Your task: Lines before the one containing "Turbokitin änkkä ja" are not copied; that line and every one after it, through the end of the material below, are printed exactly, without pictures.

Dataset content:
....
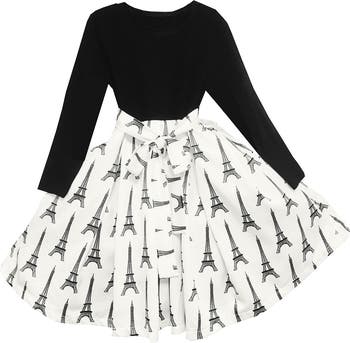 They'll love to twirl in a long-sleeve dress featuring a skirt patterned with Eiffel Tower graphics.
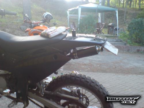 Turbokitin änkkä ja välipilli jotka menevät suoraan riejuun. Menee suoraan vakioputken kanssa. Luultavasti ei sovi Tk paisarin kanssa riejuun. Pienellä sovitepalalla (=lyhyt metalliluiska jossa 2 reikää) saa sovitettua sopivan korkealle/matalalle oman mielen mukaan. (kuvassa jossa änkkä ja välipilli irti moposta oli otettu likaisena)
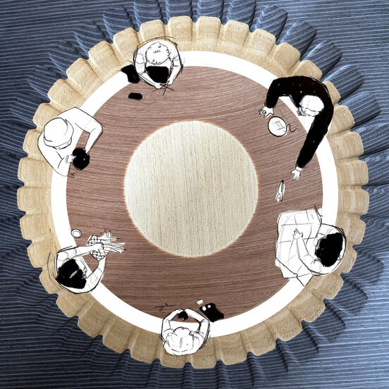 Illustration by Scarlett Robinson-Kean over Martino Gamper timber sample
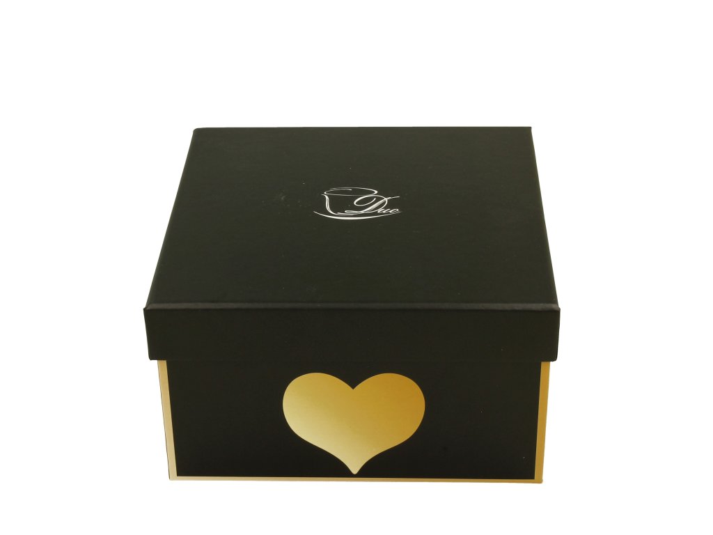 Šálek s podšálkem v černé barvě - BIG HEART, součást série HEARTS, je vyroben z porcelánu New Bone China, který se vyznačuje elegantní a přírodní krémově bílou barvou s jemným leskem a také výjimečnou odolností. Šálek je zdoben velkým zlatým vzorem srdce na tmavě černém pozadí. Zabalený v dekorativní krabičce se stejným motivem, je perfektním jedinečným dárkem pro každou milovanou osobu – nejen na Valentýna.
....
Answer:
 Turbokitin änkkä ja välipilli jotka menevät suoraan riejuun. Menee suoraan vakioputken kanssa. Luultavasti ei sovi Tk paisarin kanssa riejuun. Pienellä sovitepalalla (=lyhyt metalliluiska jossa 2 reikää) saa sovitettua sopivan korkealle/matalalle oman mielen mukaan. (kuvassa jossa änkkä ja välipilli irti moposta oli otettu likaisena)
 Illustration by Scarlett Robinson-Kean over Martino Gamper timber sample
 Šálek s podšálkem v černé barvě - BIG HEART, součást série HEARTS, je vyroben z porcelánu New Bone China, který se vyznačuje elegantní a přírodní krémově bílou barvou s jemným leskem a také výjimečnou odolností. Šálek je zdoben velkým zlatým vzorem srdce na tmavě černém pozadí. Zabalený v dekorativní krabičce se stejným motivem, je perfektním jedinečným dárkem pro každou milovanou osobu – nejen na Valentýna.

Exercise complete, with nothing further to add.